MongoDB Sharded Cluster

From the MongoDB documentation:

Sharding , or horizontal scaling, separation and distribution of data across multiple servers or segments (shards). Each segment is an independent database, and collectively, all segments constitute a single local database.

In the production environment, each node is a Replica Set:
')

Sharded Cluster Architecture

MongoDB internal operations

Because of the distribution of data into several segments, MongoDB has intra-cluster operations that are reflected in the oplog . These documents have an additional fromMigrate field, since we are not interested in these operations, we will update our oplog request to exclude them from the result.

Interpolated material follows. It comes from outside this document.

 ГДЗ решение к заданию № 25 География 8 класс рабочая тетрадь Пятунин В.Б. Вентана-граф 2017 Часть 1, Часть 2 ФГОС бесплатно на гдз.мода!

 client.getDatabase("local") .getCollection("oplog.rs") .find(and( in(MongoConstants.OPLOG_OPERATION, "i", "d", "u"), exists("fromMigrate", false))) .cursorType(CursorType.TailableAwait) .noCursorTimeout(true)

Getting information about nodes

As you may have already guessed, in order to track updates from the oplog to the Sharded Cluster, we will need to monitor the oplog each node (Replica Set).
For this, we can query from the config database for a list of all available segments. Documents in the collection look like:

 { "_id" : "shard01", "host" : "shard01/localhost:27018,localhost:27019,localhost:27020" }

I prefer to use case classes instead of Document objects, so I will declare a class:

 case class Shard(name: String, uri: String)

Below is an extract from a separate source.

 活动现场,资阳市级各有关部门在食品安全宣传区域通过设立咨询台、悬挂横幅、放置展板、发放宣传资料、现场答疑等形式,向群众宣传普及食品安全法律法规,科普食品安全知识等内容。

and the function to translate the Document to Shard :

 def parseShardInformation(item: Document): Shard = { val document = item.toBsonDocument val shardId = document.getString("_id").getValue val serversDefinition = document.getString("host").getValue val servers = if (serversDefinition.contains("/")) serversDefinition.substring(serversDefinition.indexOf('/') + 1) else serversDefinition Shard(shardId, "mongodb://" + servers) }

Now we can make a request:

 val shards = client.getDatabase("config") .getCollection("shards") .find() .map(parseShardInformation)

In the end, we will have a list of all segments from our MongoDB Sharded Cluster.

Source declaration for each node

To designate the Source , we can simply go through our list of segments and use the method from the previous article.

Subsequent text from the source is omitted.